• _YOUR GOAL_
Would you give the listing again exactly, without its images?

• _RECORDS FOR THIS EXERCISE_
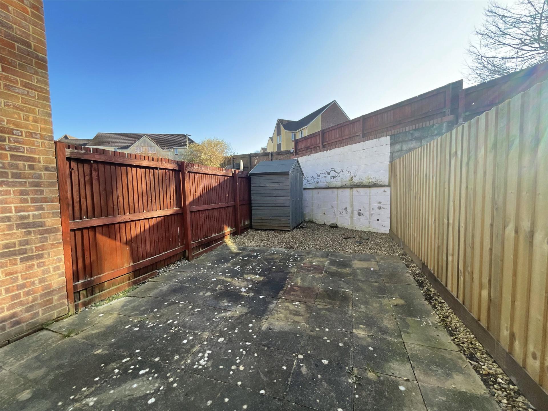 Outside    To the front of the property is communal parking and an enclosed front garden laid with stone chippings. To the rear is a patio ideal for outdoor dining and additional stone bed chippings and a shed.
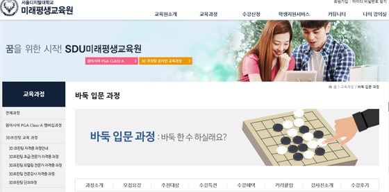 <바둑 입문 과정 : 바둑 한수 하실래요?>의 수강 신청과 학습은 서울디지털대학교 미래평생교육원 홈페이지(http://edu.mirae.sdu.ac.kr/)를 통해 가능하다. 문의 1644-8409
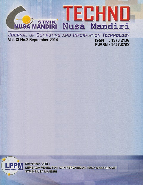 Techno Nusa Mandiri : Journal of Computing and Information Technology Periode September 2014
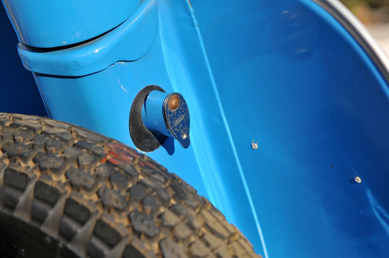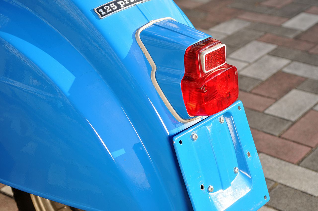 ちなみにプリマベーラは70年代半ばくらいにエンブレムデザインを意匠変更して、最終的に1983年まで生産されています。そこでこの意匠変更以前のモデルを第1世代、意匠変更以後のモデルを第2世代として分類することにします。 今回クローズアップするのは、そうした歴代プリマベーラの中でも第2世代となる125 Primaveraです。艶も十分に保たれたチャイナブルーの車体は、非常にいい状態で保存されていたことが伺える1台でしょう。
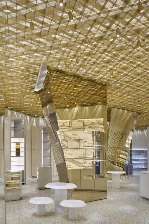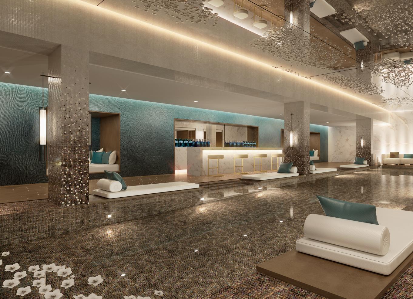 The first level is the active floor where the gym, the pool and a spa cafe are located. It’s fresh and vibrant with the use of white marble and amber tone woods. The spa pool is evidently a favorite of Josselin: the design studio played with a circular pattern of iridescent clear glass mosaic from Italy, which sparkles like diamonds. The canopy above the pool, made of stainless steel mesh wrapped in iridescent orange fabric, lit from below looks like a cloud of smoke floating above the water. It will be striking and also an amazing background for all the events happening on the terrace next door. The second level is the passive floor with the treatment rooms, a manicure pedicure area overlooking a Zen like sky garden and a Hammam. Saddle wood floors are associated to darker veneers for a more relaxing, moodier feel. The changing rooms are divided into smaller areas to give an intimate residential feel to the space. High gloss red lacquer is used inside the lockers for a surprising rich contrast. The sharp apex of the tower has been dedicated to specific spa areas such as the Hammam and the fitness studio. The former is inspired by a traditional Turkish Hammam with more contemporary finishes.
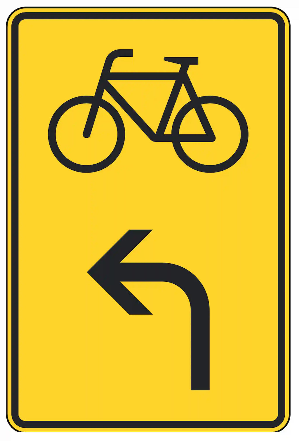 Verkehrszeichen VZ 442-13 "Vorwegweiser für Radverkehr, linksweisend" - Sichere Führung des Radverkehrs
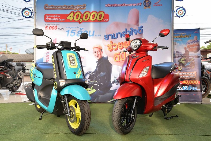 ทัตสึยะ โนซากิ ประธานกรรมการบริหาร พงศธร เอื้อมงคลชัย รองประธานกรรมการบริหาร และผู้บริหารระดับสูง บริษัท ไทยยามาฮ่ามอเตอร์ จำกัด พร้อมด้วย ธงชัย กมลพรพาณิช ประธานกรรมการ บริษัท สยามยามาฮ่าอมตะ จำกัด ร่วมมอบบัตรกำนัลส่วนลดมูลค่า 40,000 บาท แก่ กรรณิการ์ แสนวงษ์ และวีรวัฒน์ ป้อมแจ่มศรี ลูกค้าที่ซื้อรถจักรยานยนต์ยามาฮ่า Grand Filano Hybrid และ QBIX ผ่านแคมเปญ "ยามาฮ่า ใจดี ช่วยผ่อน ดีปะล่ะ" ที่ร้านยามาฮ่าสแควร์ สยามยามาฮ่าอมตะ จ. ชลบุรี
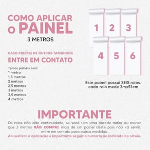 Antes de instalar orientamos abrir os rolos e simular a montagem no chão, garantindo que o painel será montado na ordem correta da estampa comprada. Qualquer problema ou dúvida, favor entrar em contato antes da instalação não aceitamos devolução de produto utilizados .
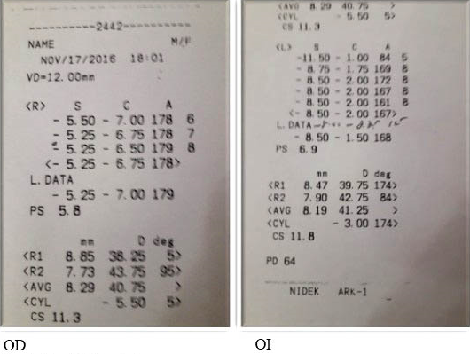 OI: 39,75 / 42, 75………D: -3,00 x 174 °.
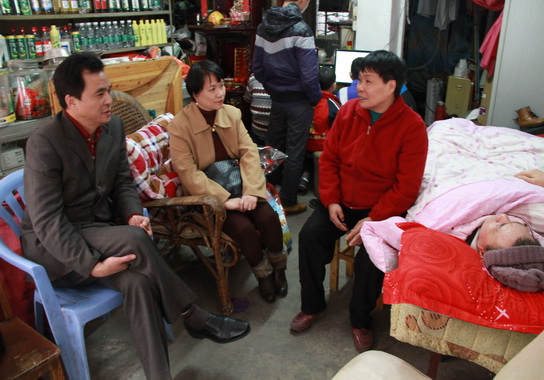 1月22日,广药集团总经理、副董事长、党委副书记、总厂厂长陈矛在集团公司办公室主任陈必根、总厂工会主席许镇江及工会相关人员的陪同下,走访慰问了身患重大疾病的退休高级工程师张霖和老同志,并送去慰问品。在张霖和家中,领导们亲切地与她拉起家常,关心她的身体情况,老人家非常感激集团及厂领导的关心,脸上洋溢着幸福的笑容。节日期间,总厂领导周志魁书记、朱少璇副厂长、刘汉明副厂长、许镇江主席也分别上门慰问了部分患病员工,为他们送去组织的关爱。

• _ANSWER_
 Outside    To the front of the property is communal parking and an enclosed front garden laid with stone chippings. To the rear is a patio ideal for outdoor dining and additional stone bed chippings and a shed.
 <바둑 입문 과정 : 바둑 한수 하실래요?>의 수강 신청과 학습은 서울디지털대학교 미래평생교육원 홈페이지(http://edu.mirae.sdu.ac.kr/)를 통해 가능하다. 문의 1644-8409
 Techno Nusa Mandiri : Journal of Computing and Information Technology Periode September 2014
 ちなみにプリマベーラは70年代半ばくらいにエンブレムデザインを意匠変更して、最終的に1983年まで生産されています。そこでこの意匠変更以前のモデルを第1世代、意匠変更以後のモデルを第2世代として分類することにします。 今回クローズアップするのは、そうした歴代プリマベーラの中でも第2世代となる125 Primaveraです。艶も十分に保たれたチャイナブルーの車体は、非常にいい状態で保存されていたことが伺える1台でしょう。
 The first level is the active floor where the gym, the pool and a spa cafe are located. It’s fresh and vibrant with the use of white marble and amber tone woods. The spa pool is evidently a favorite of Josselin: the design studio played with a circular pattern of iridescent clear glass mosaic from Italy, which sparkles like diamonds. The canopy above the pool, made of stainless steel mesh wrapped in iridescent orange fabric, lit from below looks like a cloud of smoke floating above the water. It will be striking and also an amazing background for all the events happening on the terrace next door. The second level is the passive floor with the treatment rooms, a manicure pedicure area overlooking a Zen like sky garden and a Hammam. Saddle wood floors are associated to darker veneers for a more relaxing, moodier feel. The changing rooms are divided into smaller areas to give an intimate residential feel to the space. High gloss red lacquer is used inside the lockers for a surprising rich contrast. The sharp apex of the tower has been dedicated to specific spa areas such as the Hammam and the fitness studio. The former is inspired by a traditional Turkish Hammam with more contemporary finishes.
 Verkehrszeichen VZ 442-13 "Vorwegweiser für Radverkehr, linksweisend" - Sichere Führung des Radverkehrs
 ทัตสึยะ โนซากิ ประธานกรรมการบริหาร พงศธร เอื้อมงคลชัย รองประธานกรรมการบริหาร และผู้บริหารระดับสูง บริษัท ไทยยามาฮ่ามอเตอร์ จำกัด พร้อมด้วย ธงชัย กมลพรพาณิช ประธานกรรมการ บริษัท สยามยามาฮ่าอมตะ จำกัด ร่วมมอบบัตรกำนัลส่วนลดมูลค่า 40,000 บาท แก่ กรรณิการ์ แสนวงษ์ และวีรวัฒน์ ป้อมแจ่มศรี ลูกค้าที่ซื้อรถจักรยานยนต์ยามาฮ่า Grand Filano Hybrid และ QBIX ผ่านแคมเปญ "ยามาฮ่า ใจดี ช่วยผ่อน ดีปะล่ะ" ที่ร้านยามาฮ่าสแควร์ สยามยามาฮ่าอมตะ จ. ชลบุรี
 Antes de instalar orientamos abrir os rolos e simular a montagem no chão, garantindo que o painel será montado na ordem correta da estampa comprada. Qualquer problema ou dúvida, favor entrar em contato antes da instalação não aceitamos devolução de produto utilizados .
 OI: 39,75 / 42, 75………D: -3,00 x 174 °.
 1月22日,广药集团总经理、副董事长、党委副书记、总厂厂长陈矛在集团公司办公室主任陈必根、总厂工会主席许镇江及工会相关人员的陪同下,走访慰问了身患重大疾病的退休高级工程师张霖和老同志,并送去慰问品。在张霖和家中,领导们亲切地与她拉起家常,关心她的身体情况,老人家非常感激集团及厂领导的关心,脸上洋溢着幸福的笑容。节日期间,总厂领导周志魁书记、朱少璇副厂长、刘汉明副厂长、许镇江主席也分别上门慰问了部分患病员工,为他们送去组织的关爱。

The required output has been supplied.